We thank the reviewers for their detailed reports. From the comments we realized that there is an important point which is perhaps not immediately apparent in the paper, namely the historical context for this work. We detail this below and we hope it will help convince the reviewers of the significance of our results.$
Historical context.
In the 70s to 90s, the field of optimization largely focused on second order methods, such as interior point, cutting plane, or Newton. Nowadays, especially in machine learning, the community has switched to first order methods, primarily because of the beliefs that methods from the 70s-90s are not applicable to large-scale problems because the cost of solving linear systems is prohibitively large. The key message of this paper is that this not the case, and in fact those older methods can be used with a cost of nk+k^3 for the k^th iteration, instead of the prohibitive (and naïve) n^3. Our paper (and especially our numerical experiments) can be viewed as an invitation to the machine learning community to rethink the applicability of second order methods.
Reviewer_5:
We have added a proof of Claim 1 in the online version of this paper. The proof is basically same as the standard gradient descent proof and cutting plane method proof. However please note that we deliberately did not include this proof in the first submission as this result is not the main point of the paper.

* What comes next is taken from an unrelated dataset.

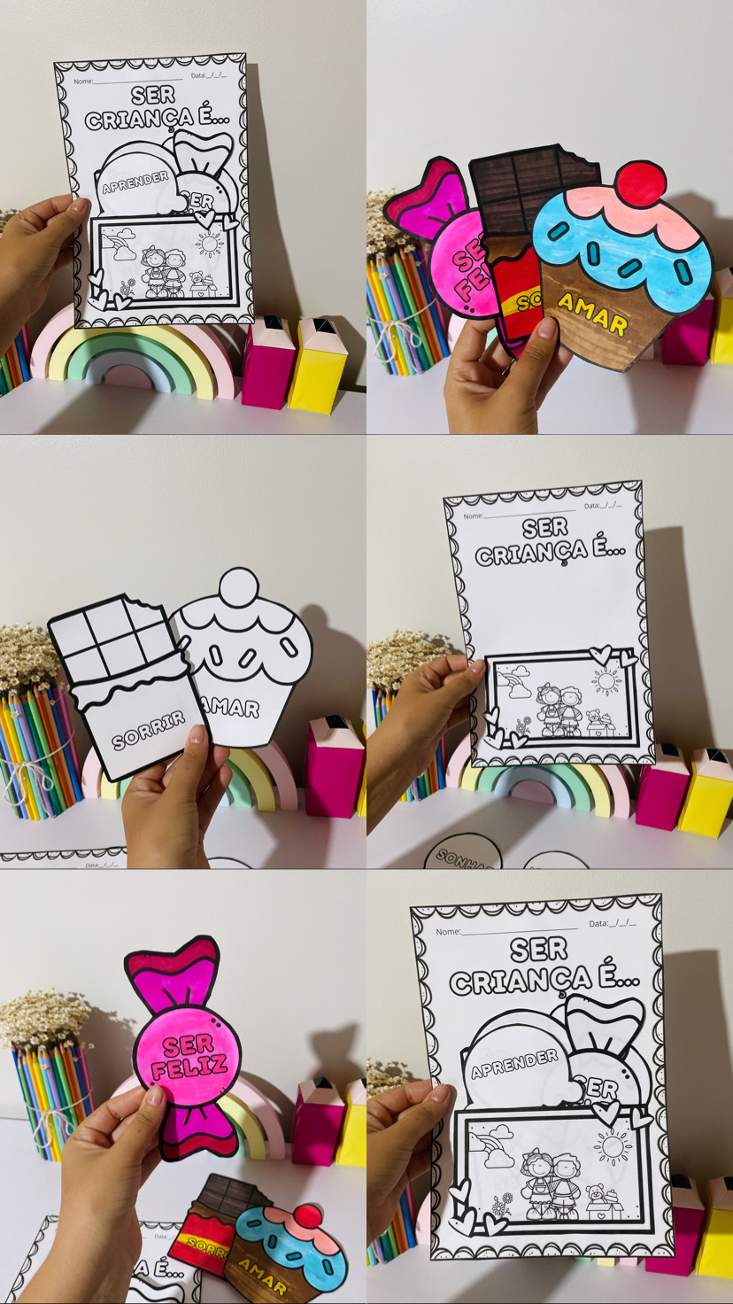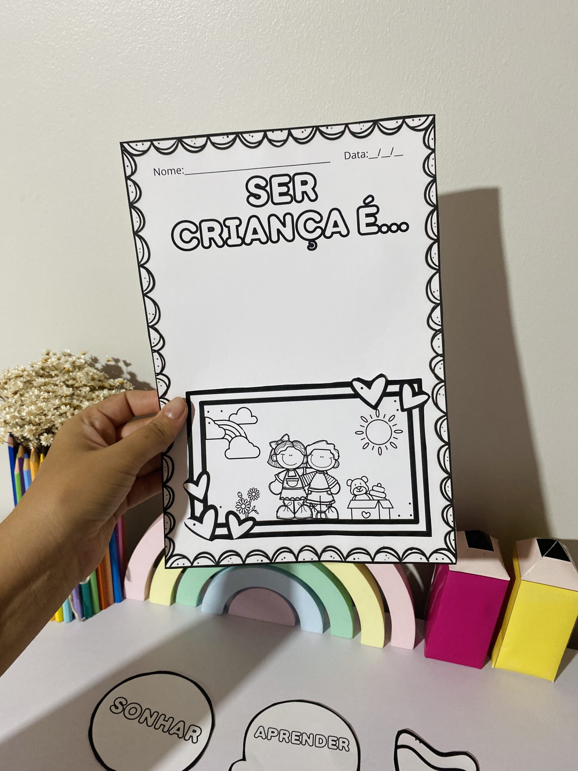 Atividade lúdica para valorizar a infância e refletir sobre o que é ser criança: brincar, sonhar, aprender e amar.📄 PDF pronto para imprimir.

While we agree with you that theoretical guarantees are important, we hope you will also agree that there is room for more applied work at ICML. Such papers should be evaluated on the new insights that they provide, as well as the experimental results. Finally, we believe that the fact that this work leads to many new open problems should be viewed as a positive point for the paper.
Reviewer_6:
Our implementation of BFGS uses exact line search and it is known that this is equivalent to CG. For example, see the first lemma in "A Relationship between the BFGS and Conjugate Gradient Algorithms and its Implications for New Algorithms". That is the reason we write that CG, BFGS, BFGS+ are "optimal". Also note that we have added a proof of Claim 1 in the online version of the paper.
Reviewer_2:
Thanks a lot for your comments, they will greatly help to improve the paper! Here are detailed answers to a subset of the remarks:
130: Yes, x is in R^m. Thanks.
205-207: That is true when fval <= f(x).
245: You’re right it is y_i.
250: In fact this is a simple one-dimensional problem which we solve by binary search (namely keep decreasing alpha by constant factor until it is non-empty).
254: Whole line (as indicated in the equation).
307: We only wrote down the formula so that one can implement our algorithm without redoing the calculation. We checked it by numerical differentiation, and also note that the fact that our algorithm converges gives an evidence this is correct.
321: Yes, D = diag(d).
338: This comes from an appropriate (and simple) grouping of the terms.
348: It is a typo, thank you.
396: We believe that the algorithm you refer to only stores a weighted sum of previous gradients. Therefore, that algorithm still takes O(n) space instead of O(nk) space.
440: The geometric oracle is a typo, it should be geometric politician.
491: It is not entirely obvious, but it is an easy extension of original proof by Nesterov.
532: The formula is correct. b_i are labels of the sample.
598: You are right. In fact we do this out of fairness to the other methods, indeed if we make the function truly non-smooth then all algorithms except ours will fail.